▶ **Exercise**:
Although pictures appear in the entries below, leave them out and print exactly the lines from the first line through the line containing "Giá xe Mitsubishi".

(Supplied entries Opens)

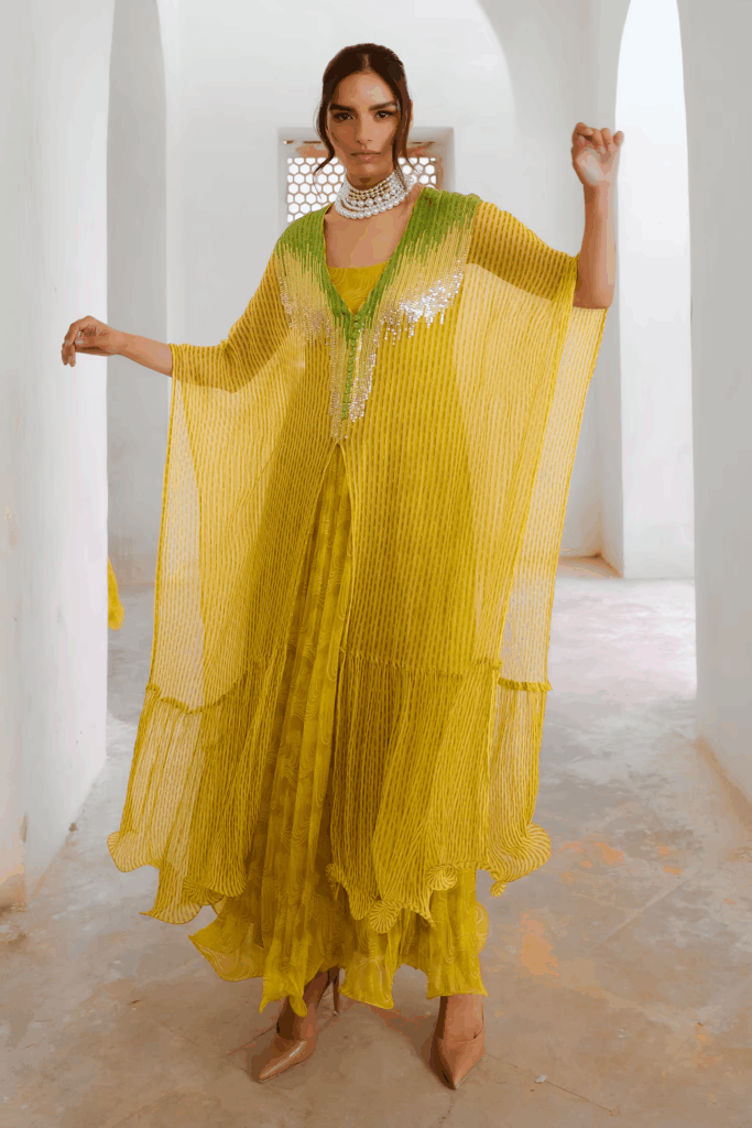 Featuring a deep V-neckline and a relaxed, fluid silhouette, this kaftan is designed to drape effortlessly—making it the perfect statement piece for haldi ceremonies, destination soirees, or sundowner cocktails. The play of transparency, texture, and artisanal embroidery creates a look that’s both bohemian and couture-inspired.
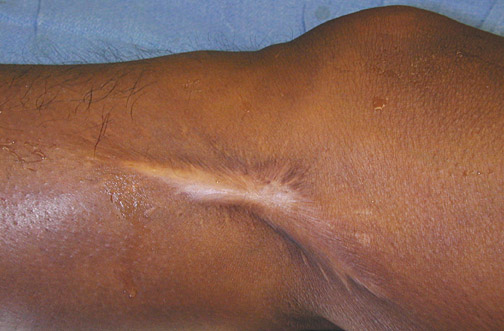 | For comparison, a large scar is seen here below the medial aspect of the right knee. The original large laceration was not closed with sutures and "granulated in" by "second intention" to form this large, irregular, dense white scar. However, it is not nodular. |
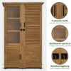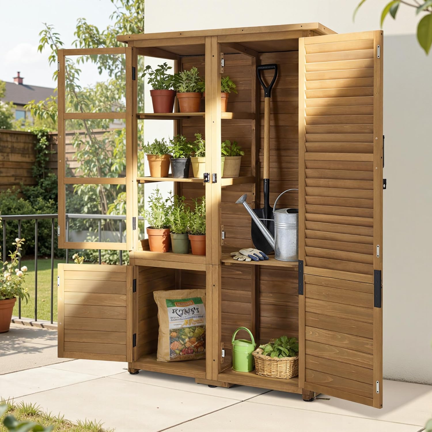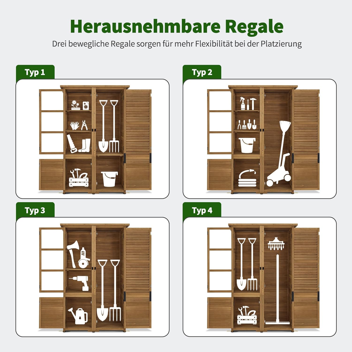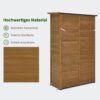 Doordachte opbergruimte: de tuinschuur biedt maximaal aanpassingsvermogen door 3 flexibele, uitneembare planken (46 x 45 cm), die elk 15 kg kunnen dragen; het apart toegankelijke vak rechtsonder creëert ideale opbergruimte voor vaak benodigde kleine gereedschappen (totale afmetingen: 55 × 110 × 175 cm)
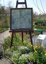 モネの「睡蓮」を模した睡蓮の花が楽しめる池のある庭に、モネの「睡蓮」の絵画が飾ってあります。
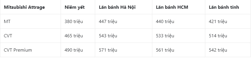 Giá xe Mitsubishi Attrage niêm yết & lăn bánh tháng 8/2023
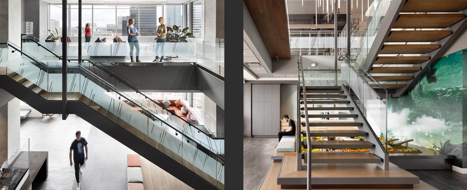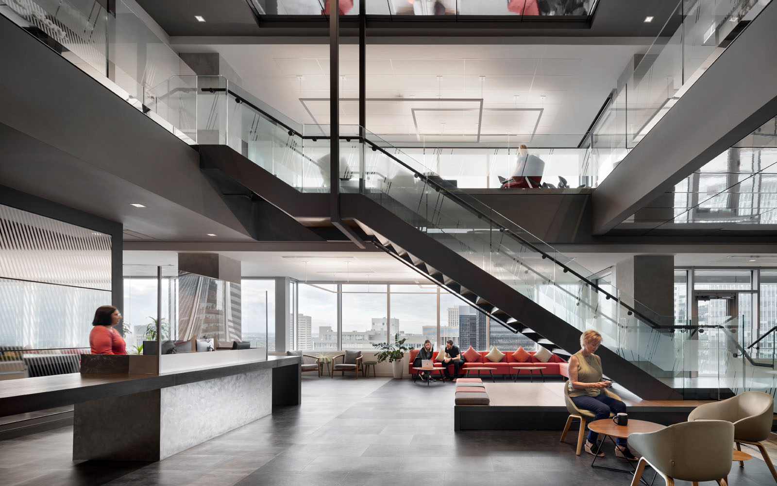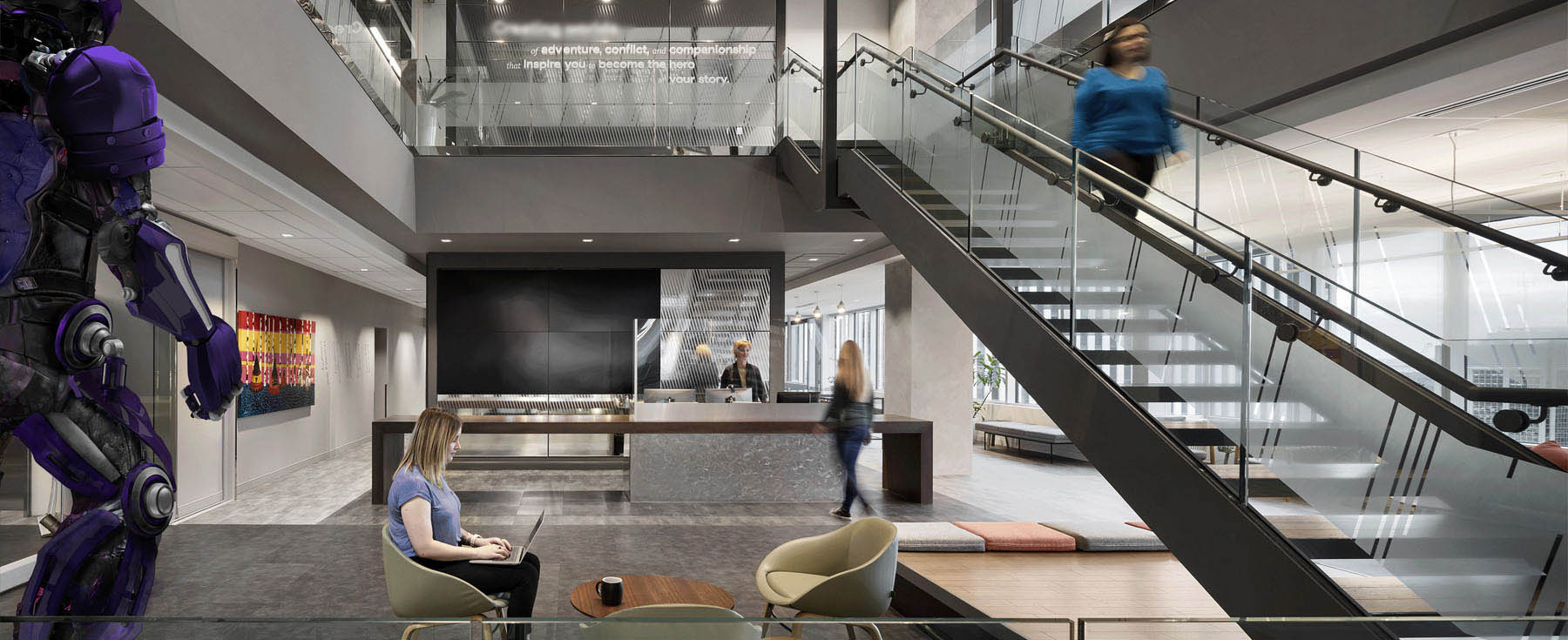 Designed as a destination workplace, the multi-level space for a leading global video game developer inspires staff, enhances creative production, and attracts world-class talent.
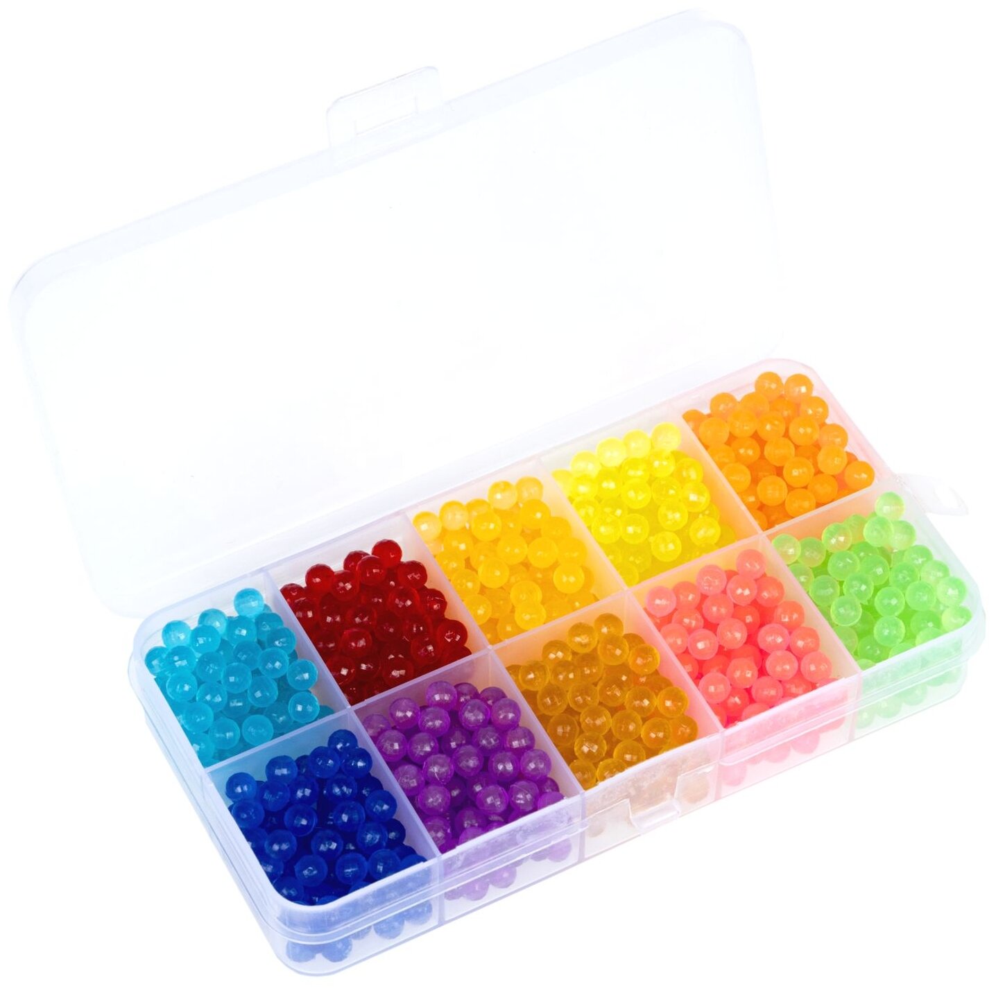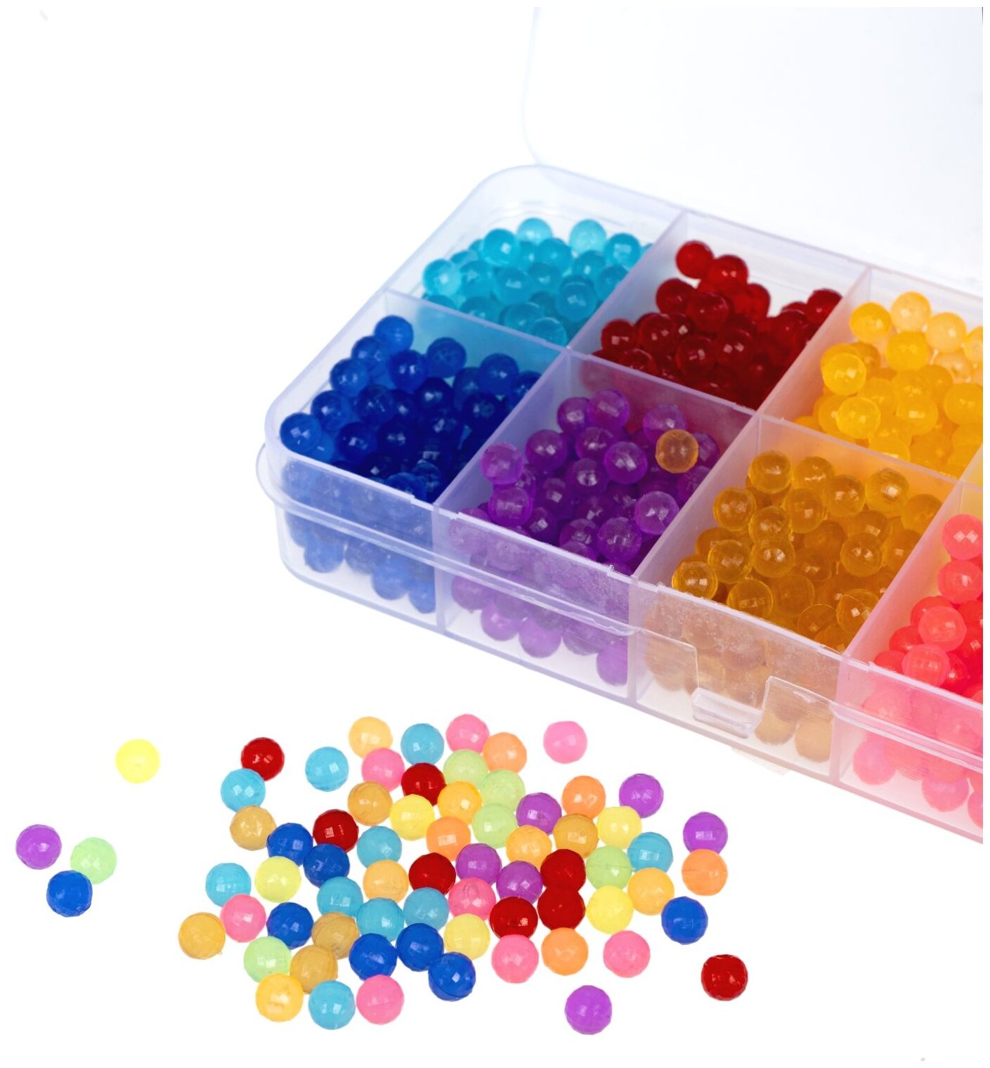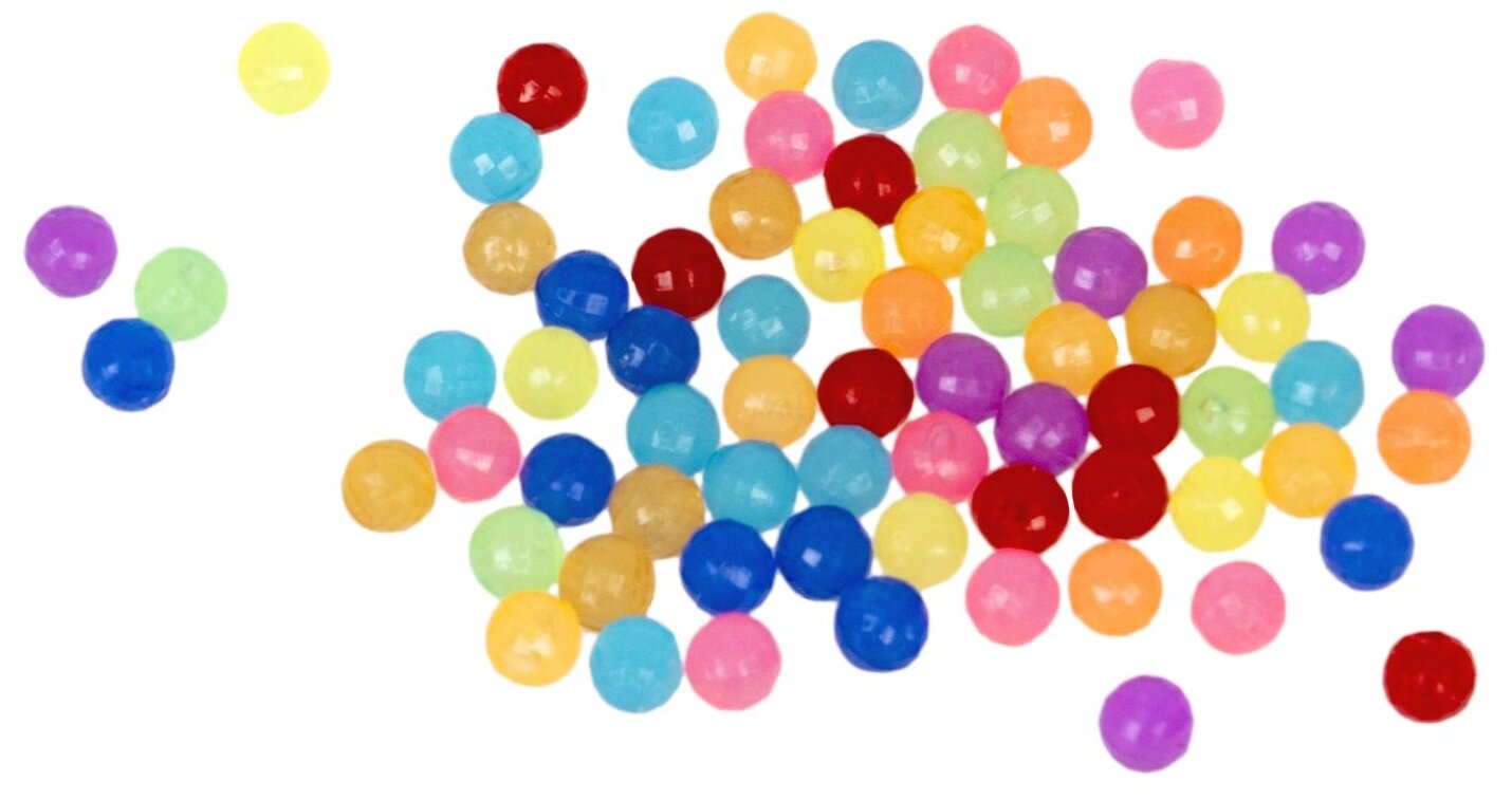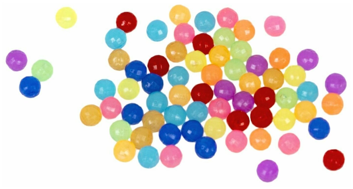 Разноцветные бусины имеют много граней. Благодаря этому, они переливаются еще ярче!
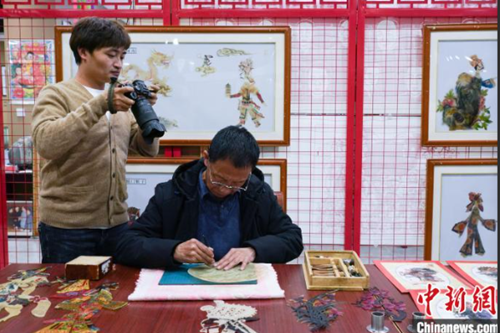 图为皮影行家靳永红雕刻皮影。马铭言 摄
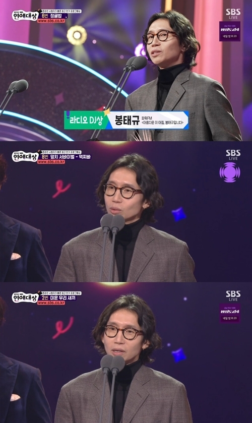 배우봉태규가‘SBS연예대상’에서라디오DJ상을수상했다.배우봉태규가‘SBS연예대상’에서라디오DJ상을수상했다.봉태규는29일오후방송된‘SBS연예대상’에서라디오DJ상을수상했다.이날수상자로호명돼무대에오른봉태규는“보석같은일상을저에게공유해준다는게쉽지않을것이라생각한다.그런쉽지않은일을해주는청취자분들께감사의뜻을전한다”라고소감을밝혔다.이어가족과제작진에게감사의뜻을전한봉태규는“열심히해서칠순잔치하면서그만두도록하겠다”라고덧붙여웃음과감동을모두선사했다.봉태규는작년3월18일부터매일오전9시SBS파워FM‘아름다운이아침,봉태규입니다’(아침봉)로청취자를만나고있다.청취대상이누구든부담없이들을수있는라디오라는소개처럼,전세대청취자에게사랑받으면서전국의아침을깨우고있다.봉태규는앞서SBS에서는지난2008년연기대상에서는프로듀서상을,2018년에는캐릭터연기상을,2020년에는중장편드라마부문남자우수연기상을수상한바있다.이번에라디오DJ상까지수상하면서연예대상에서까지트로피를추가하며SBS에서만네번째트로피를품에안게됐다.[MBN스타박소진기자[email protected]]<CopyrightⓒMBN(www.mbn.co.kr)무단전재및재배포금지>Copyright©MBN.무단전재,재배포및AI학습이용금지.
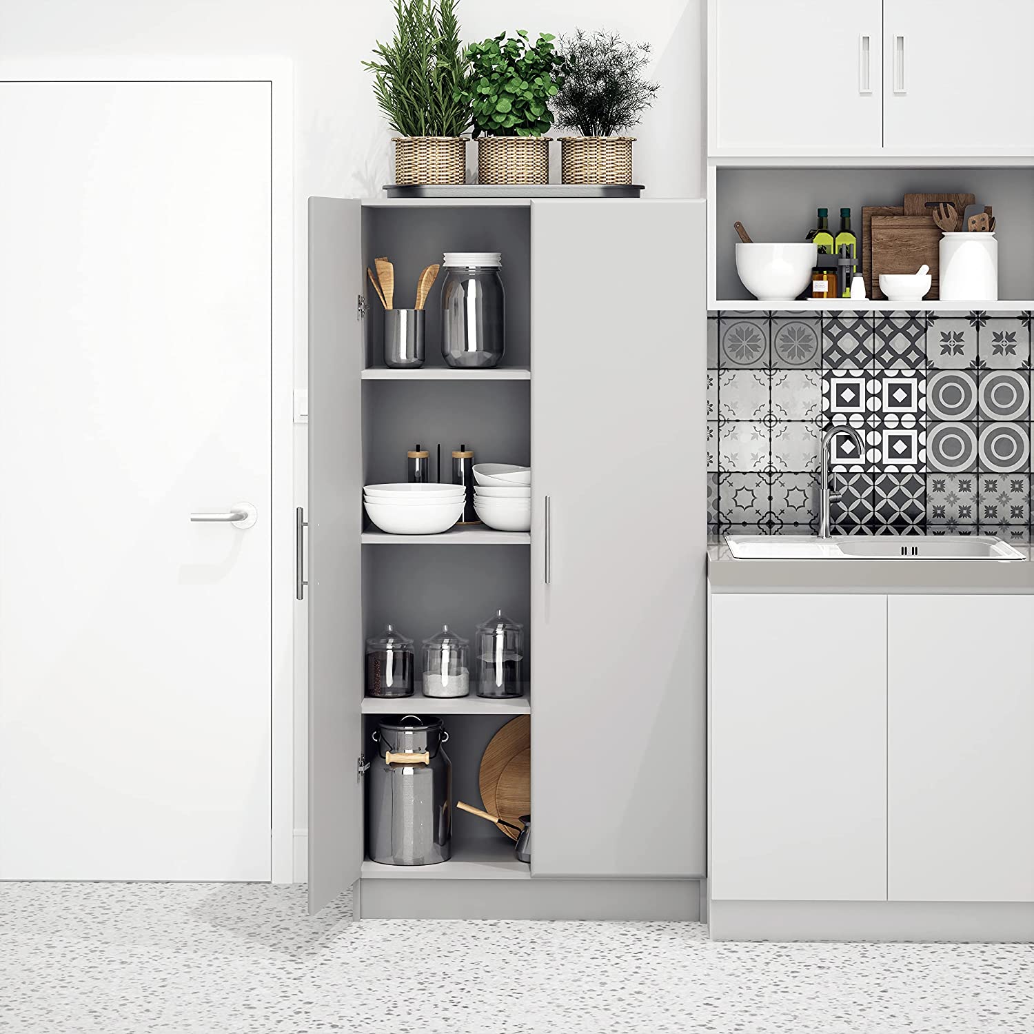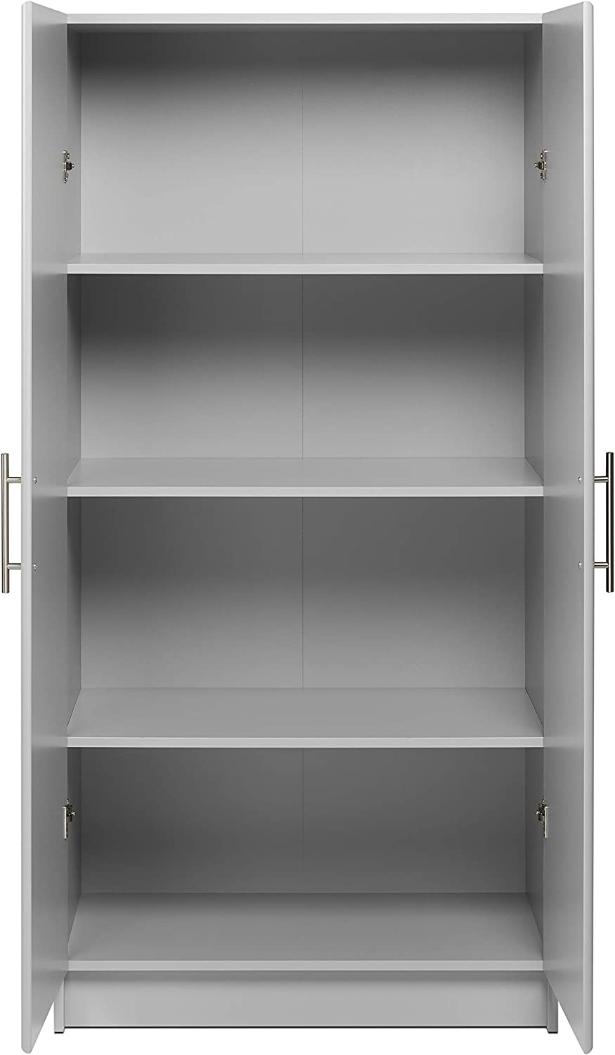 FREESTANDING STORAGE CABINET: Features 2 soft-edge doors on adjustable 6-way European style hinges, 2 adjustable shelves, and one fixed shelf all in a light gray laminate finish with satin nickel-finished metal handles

(Supplied entries Closes)

▶ **Task solution**:
 Featuring a deep V-neckline and a relaxed, fluid silhouette, this kaftan is designed to drape effortlessly—making it the perfect statement piece for haldi ceremonies, destination soirees, or sundowner cocktails. The play of transparency, texture, and artisanal embroidery creates a look that’s both bohemian and couture-inspired.
 | For comparison, a large scar is seen here below the medial aspect of the right knee. The original large laceration was not closed with sutures and "granulated in" by "second intention" to form this large, irregular, dense white scar. However, it is not nodular. |
 Doordachte opbergruimte: de tuinschuur biedt maximaal aanpassingsvermogen door 3 flexibele, uitneembare planken (46 x 45 cm), die elk 15 kg kunnen dragen; het apart toegankelijke vak rechtsonder creëert ideale opbergruimte voor vaak benodigde kleine gereedschappen (totale afmetingen: 55 × 110 × 175 cm)
 モネの「睡蓮」を模した睡蓮の花が楽しめる池のある庭に、モネの「睡蓮」の絵画が飾ってあります。
 Giá xe Mitsubishi Attrage niêm yết & lăn bánh tháng 8/2023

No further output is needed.